§ Provided data
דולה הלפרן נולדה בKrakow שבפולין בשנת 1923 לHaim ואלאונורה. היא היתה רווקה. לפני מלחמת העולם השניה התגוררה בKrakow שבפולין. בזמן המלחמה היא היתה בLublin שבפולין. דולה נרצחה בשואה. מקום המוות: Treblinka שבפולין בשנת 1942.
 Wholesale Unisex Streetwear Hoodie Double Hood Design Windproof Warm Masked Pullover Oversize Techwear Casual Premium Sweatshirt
--
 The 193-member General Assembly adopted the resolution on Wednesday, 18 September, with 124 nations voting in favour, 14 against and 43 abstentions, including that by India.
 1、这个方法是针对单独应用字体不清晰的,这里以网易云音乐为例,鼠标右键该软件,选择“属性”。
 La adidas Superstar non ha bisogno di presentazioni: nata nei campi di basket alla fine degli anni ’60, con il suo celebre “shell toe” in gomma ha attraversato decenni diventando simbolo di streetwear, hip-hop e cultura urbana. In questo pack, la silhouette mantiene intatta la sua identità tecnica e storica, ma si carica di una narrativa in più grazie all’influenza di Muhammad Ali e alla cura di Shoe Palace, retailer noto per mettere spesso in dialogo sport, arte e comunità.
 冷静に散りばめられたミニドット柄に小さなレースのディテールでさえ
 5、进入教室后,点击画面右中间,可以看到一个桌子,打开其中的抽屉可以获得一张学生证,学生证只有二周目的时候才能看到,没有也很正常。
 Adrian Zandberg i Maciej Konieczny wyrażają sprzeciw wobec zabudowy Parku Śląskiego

§ Action item
Return, unchanged, the run of lines above that opens with the line containing "דולה הלפרן נולדה" and closes with the line containing "Wholesale Unisex Streetwear". Include both.

§ Answer section
דולה הלפרן נולדה בKrakow שבפולין בשנת 1923 לHaim ואלאונורה. היא היתה רווקה. לפני מלחמת העולם השניה התגוררה בKrakow שבפולין. בזמן המלחמה היא היתה בLublin שבפולין. דולה נרצחה בשואה. מקום המוות: Treblinka שבפולין בשנת 1942.
 Wholesale Unisex Streetwear Hoodie Double Hood Design Windproof Warm Masked Pullover Oversize Techwear Casual Premium Sweatshirt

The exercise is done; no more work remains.